Here’s the short-list of topics.
- Conceptual Progression – What is the sequence of ideas and associated study and practice materials that you put in front of a novice programmer in order to reliably get them to Competent and then to Expert?
- Assessment of Understanding – How do you (teacher/trainer) know what learners understand, what they don’t understand, and what they have misunderstood? (Remembering != Understanding)
- Knowledge vs. Insight – How do you stage learning activities to emphasize the essential over the trivial? Tactics can be interpreted much more quickly and effectively after a learner has understood the Strategies.
- Teamwork & Collaborative Learning – How do you make good use of the different background knowledge, skills, personalities, and synergies brought to the table by each member of a learning cohort? What’s the on-ramp to collaboration and then how is it sustained?
- Cultivating Intrinsic Motivation – How do you draw upon the internal energies of each individual to do their best work? What are the environmental conditions that enable people to act autonomously, per their own vision, without going totally off-track?
- Mentorship & Tutoring – What are the behavioral indicators that it’s time to bring in higher-order capabilities to guide the learner to better understanding? When should the learner be left alone?
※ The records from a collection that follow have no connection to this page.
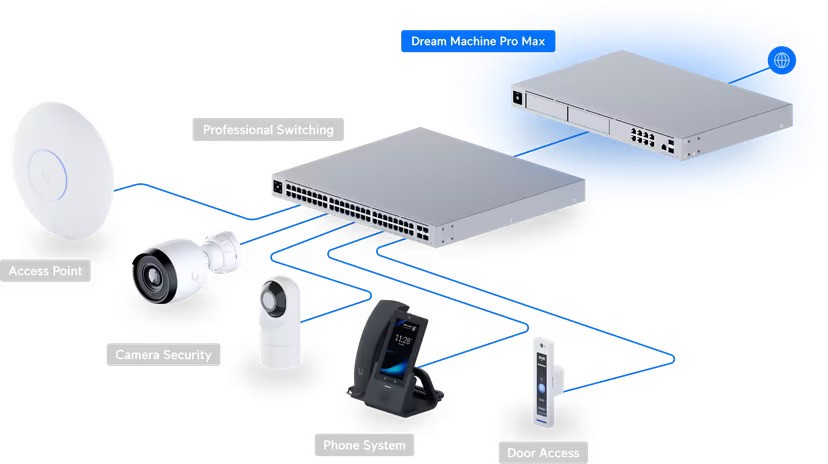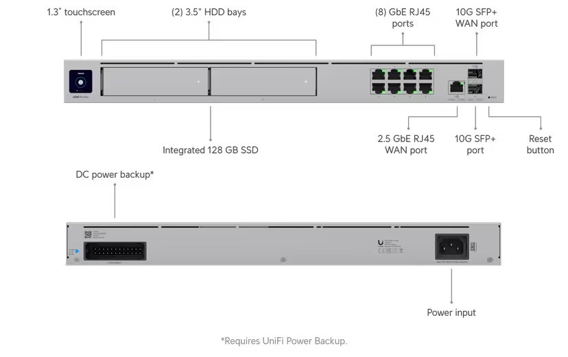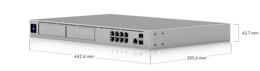 UDM Pro Max یک دستگاه همه کاره با پردازنده چهار هسته ای 2 گیگاهرتز بوده که برای شبکه های سازمانی و همچنین برای کسب و کار های کوچیک تا متوسط طراحی شده است و مورد استفاده قرار می گیرد. UDM Pro Max را می توان به عنوان Unifi Controller ونرم افزار نظارت تصویری،با یک (Gateway) دروازه امنیتی قوی با کارایی بالا در شبکه سازمانی خود مورد استفاده قرار دارد . UDM Pro Max قابلیت اینو دارد که در قالب یک سوئیچ داخلی در نظر گرفت که بر روی خود یک محفظه هارد دیسک دارد که از هارد های 3.5 اینچی پشتیبانی می کند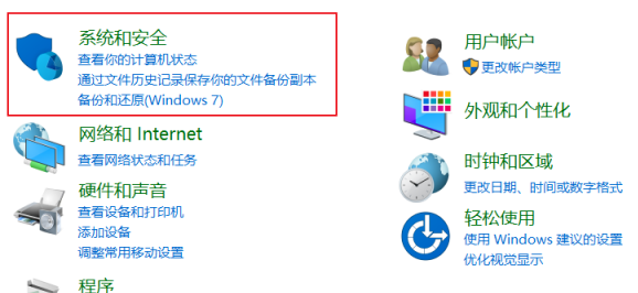1、打开电脑的控制面板界面,点击“系统和安全”。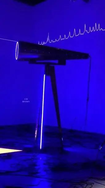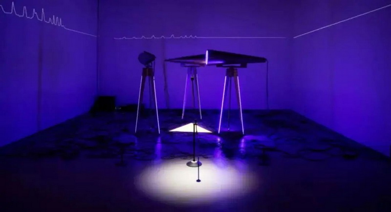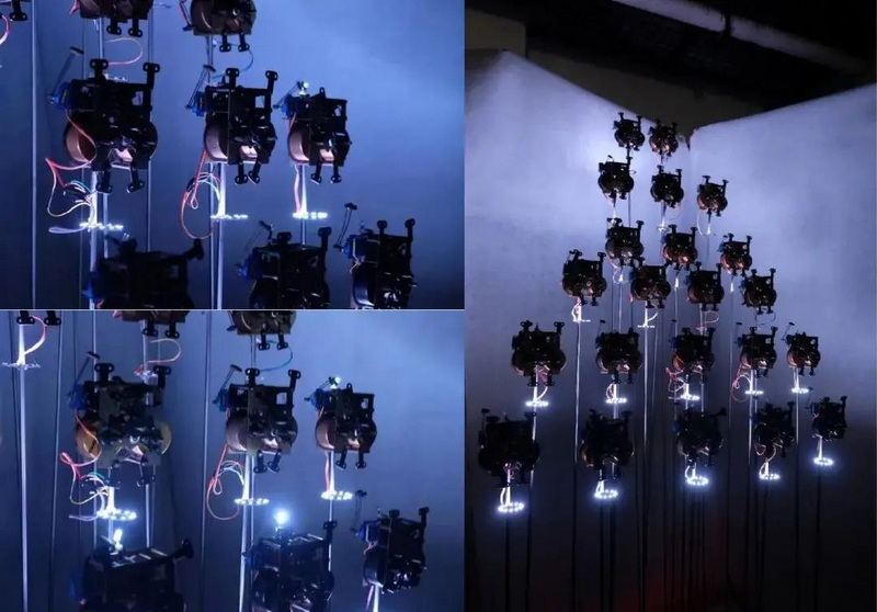 利用光去反應(yīng)不同的時(shí)間的,既是對(duì)時(shí)間不同方式的呈現(xiàn),也是對(duì)于時(shí)間的一種記錄,一種度量。收集的每一個(gè)老舊表芯時(shí)間不一樣,運(yùn)動(dòng)速度不一樣,小燈閃爍也就不一樣。每個(gè)時(shí)間不同的機(jī)械表芯旋轉(zhuǎn)著打擊頭上的燈,創(chuàng)造一個(gè)無(wú)思考無(wú)意義的陣型,只是經(jīng)歷計(jì)算著無(wú)思考的時(shí)間。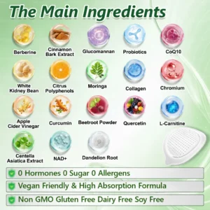 Apple cider vinegar powder, white kidney bean extract, and cinnamon extract work synergistically on carbohydrate metabolism and gut motility by reducing digestive enzyme activity and supporting hepatic and biliary detoxification and bile flowโpromoting fat digestion, nutrient absorption, and endotoxin clearance to maintain a more balanced intestinal environment. Moringa, green tea extract, and coriander seed extract, rich in natural polyphenols, help inhibit pathogenic bacteria, support the expansion of beneficial probiotics, and enhance microbiome diversity, improving bloating, irregular bowel movements, and overall digestive discomfort.

What is an efficient use of scarce training resources?
- Timing & Project Checkpoints – How do you stage project checkpoints to keep people on track towards a compelling objective but not overwhelmed in the midst of their obligations.
- Accomplishment – How do you put all this training effort to work in order to accomplish something useful? What are practical goals that can also contribute to intrinsic motivation?
I’ll be presenting specific guidance, with examples, for each of the above topics (and possibly more) at this year’s Wolfram Technology Conference, alongside one of my programmer apprentices Isaac Gelman, now a student at the University of Southern California. Specifically, we’ll be presenting at 4:30pm on Thursday, October 18th. Once the video of the presentation is available, I’ll write a detailed follow-up post and link the video.
Until then, happy trails.
About the Author
Eric Nelson is a Sr. Software Engineer with ArganoMS3, Inc., living in Minneapolis, MN with his wife Alisa, 6yo daughter Freyda, and 4yo son Arthur. Eric received his BS in Electrical Engineering from University of Minnesota and worked in photovoltaics & thin films, both at MN tech start-ups. In 2013, Eric helped found an inner-city charter middle school and taught courses in technology and entrepreneurship. In 2015, he founded his own cloud software consulting firm Augment LLC. And began training student cohorts in software design & development skills. He is now focused on building large-scale, secure, futureproof production software systems for smart brands as a member of the ArganoMS3 family. Meanwhile, he continues his effort to develop a scalable programmer training network for high school and college students. He also serves on the board of Minnesota Innovates, a nonprofit dedicated to cultivating MN technology startups building products in emergent technologies (e.g. AI, AR/VR, Gene-editing, Drones, etc.)